The position of this work on the ceiling makes it very tough to view it for a length of time without feeling a strain on the neck. We wonder how the artist actually painted it.

Day of Judgement:
This work occupies the entire wall. Jesus has a different get-up altogether. He appears as a muscular, young man with no features that we normally associate him with. The artist appears to have taken the liberty in coming up with this new portrayal. Other than him and Mary, the rest are human figures all over. We are told that Michelangelo painted the whole scene on paper on the ground in one year, traced the outlines out on the wall with this reference and completed the painting on the wall in another 3 years. The colors are rich- The blue in the background stands out as if painted yesterday. It is hard to believe that this work is 500 years old.
It was mentioned elsewhere (previous blog) that Michelangelo did not like painting. His passion for sculpture is seen in this painting. Each human figure is painted with chiseled features and with attention to human contours that sculpture especially demands.

The pope:
Once out of the Sistine Chapel, we spent some time admiring the layout of the courtyard, St Peter’s Church and the activities of the pope. The pope addresses a gathering every Wednesday (except summers) from a particular podium, he waves to the crowd through the second window from the right and he appears at a specific balcony once he is appointed as a pope.

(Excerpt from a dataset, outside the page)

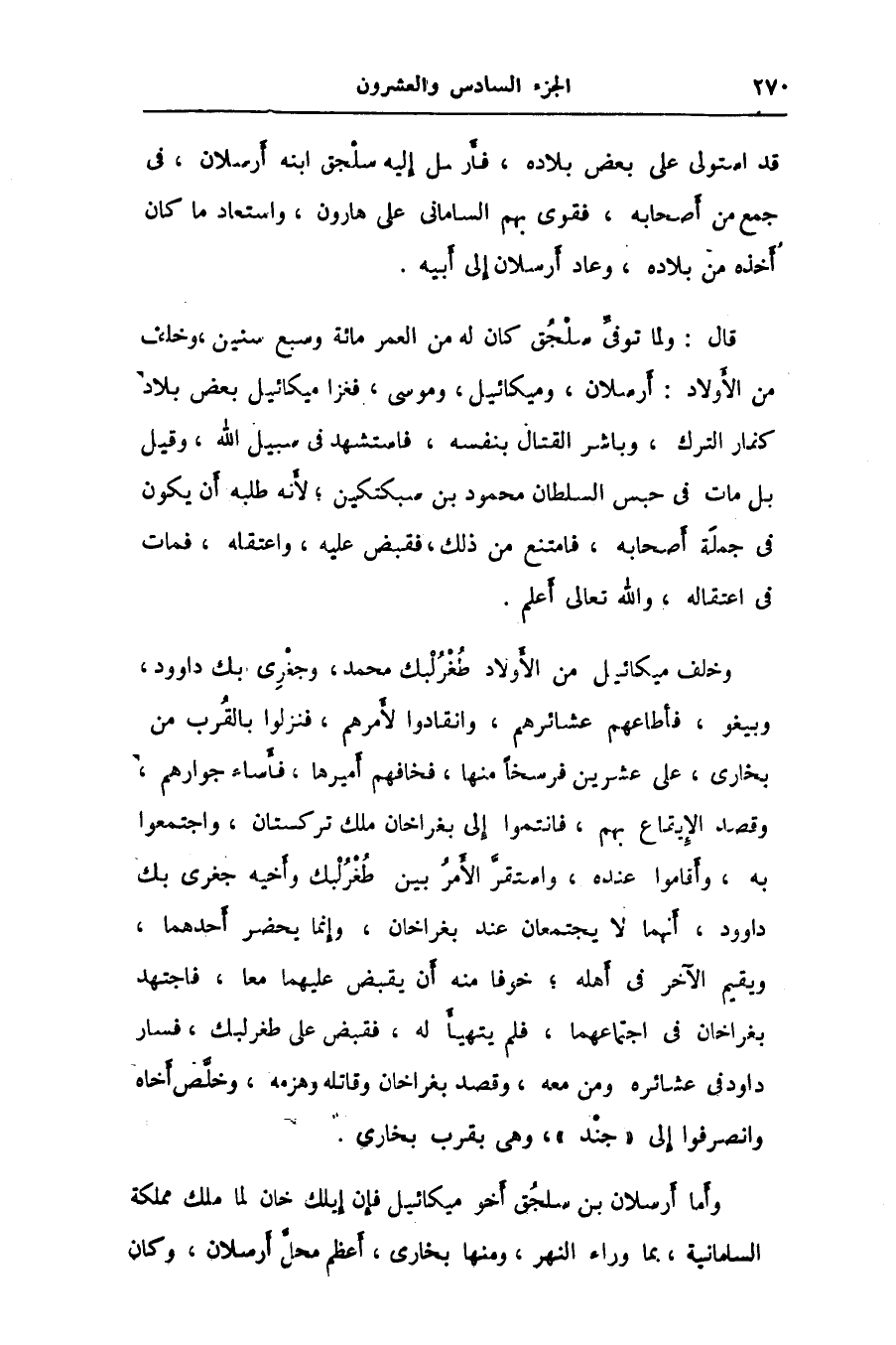 وأما أرسلان بن سلجق أخو ميكائيل فإن إيلك خان لما ملك مملكة السامانية، بما وراء النهر، ومنها بخارى، أعظم محلّ أرسلان، وكان
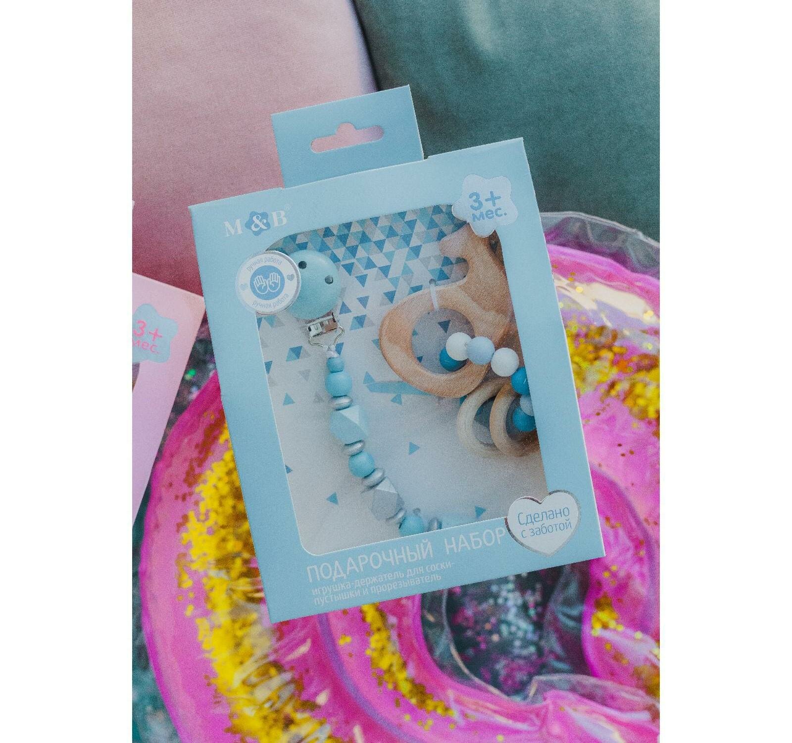Подарочный набор Mum&Baby держатель для соски-пустышки и грызунок-прорезыватель Малыш, голубой

We also see the chimney through which black and white smoke emerge when the jury casts votes for electing a new pope. The consensus or the lack of it will be seen from the color of the smoke so that common people can watch the progress of this election.
These details might have excited a more devout person, but we register the facts well and move on. It is a great view as seen from St Peter’s Church- an obelisk at the center from Egypt, a circular structure with columns in the distance and a huge, open square. 

St Peter’s Church:
St Peter’s church is impressive. It has a huge dome and constructed in a way to rival the height of the nearby hill. The pillars on the outer façade are really huge. We observed uniformed Swiss guards in orange and violet manning the premises. 

Lost individual:
A parallel thread was running alongside this entire Vatican tour (like a confusing Mani Ratnam film plot). One of the members of the tour group couldn’t find her friend after entering the Vatican premises. Hence, the conversation had to move back and forth from Rome, its history and the Pope to this individual who had to be traced as well. There were descriptions on when this individual was last seen, whether she had gone back to the gate we started from etc. Also, the group had a contraption where by all members could hear the guide but not the other way. Hence, messages had to be sent from time to time to this lost individual (as though talking to an extra terrestrial life-form!) who could hear us (hopefully) but who had no way of replying! Given the fact that the guide was switching back and forth between English and Spanish as well, the concoction was truly an avial  (South Indian dish with every blessed vegetable thrown in) of sorts! More than that individual, it is we who were lost at times!